En mis más de veinte años emprendiendo, me he dado cuenta de que las personas que transforman realidades no son necesariamente las que más “logros” tienen en su currículum sino las que han encontrado una causa, un propósito y una razón de ser. Son quienes tienen una brújula interna que les dice hacia dónde ir cuando todo se ve confuso y que, a partir de eso, convierte el trabajo en pasión.
¿Qué pasaría si en lugar de preguntarnos unos a otros ¿qué quieres conseguir? empezáramos a enfocarnos en ¿qué problema quieres resolver? o ¿qué hiciste por ti y tu comunidad?. ¿Qué tal si en lugar de medir nuestro valor por lo que acumulamos, lo midiéramos por el impacto que creamos?.
Vivir con propósito no significa renunciar al éxito material ni dejar de lado los aspectos financieros, sino entender que los buenos resultados pueden ser una consecuencia natural de hacer algo que tenga sentido.

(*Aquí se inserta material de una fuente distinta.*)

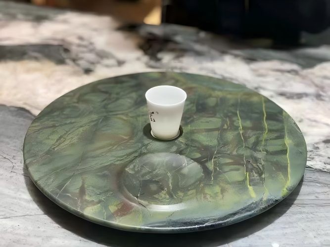 Because of its distinct circular patterns, this stone is spectacular when "book-matched" (where two mirrored slabs are placed side-by-side). It creates a kaleidoscopic effect often used in hotel lobbies, high-end living rooms, and office boardrooms.
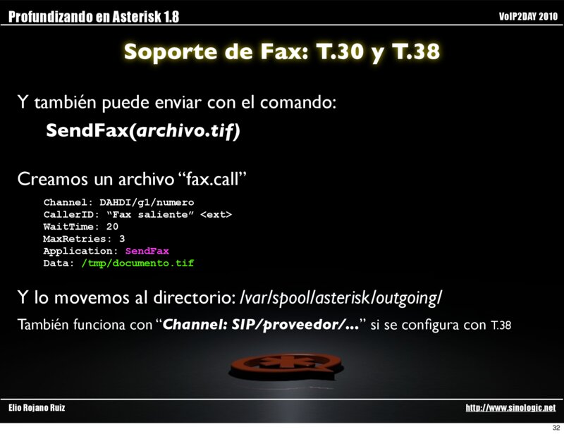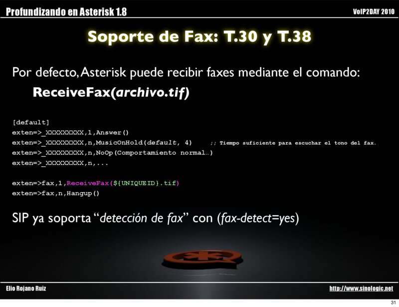 Profundizando en Asterisk 1.8 VoIP2DAY 2010 Soporte de Fax: T.30 y T.38 T.38 permite envío de faxes mediante redes IP.

Significa que ese éxito -si llega- es la consecuencia natural de estar haciendo algo valioso. Encontrar el propósito requiere algo que nuestra cultura del rendimiento rechaza: vulnerabilidad. Significa aceptar que tal vez no tenemos todas las respuestas, que tal vez el camino propio no se parece al de la mayoría y que tal vez sea necesario enfrentar los miedos e inseguridades que eso genera. Pero como recompensa, esa vulnerabilidad nos abre la puerta a la innovación, la creatividad y la transformación. Al convencimiento de dejar de medir la vida por números y empezar a valorarla también por lo que se construye, a quién se impacta y cómo nos ayuda a crecer como personas.
La pregunta no es si puedes hacerlo. La pregunta es si estás dispuesto a hacerlo.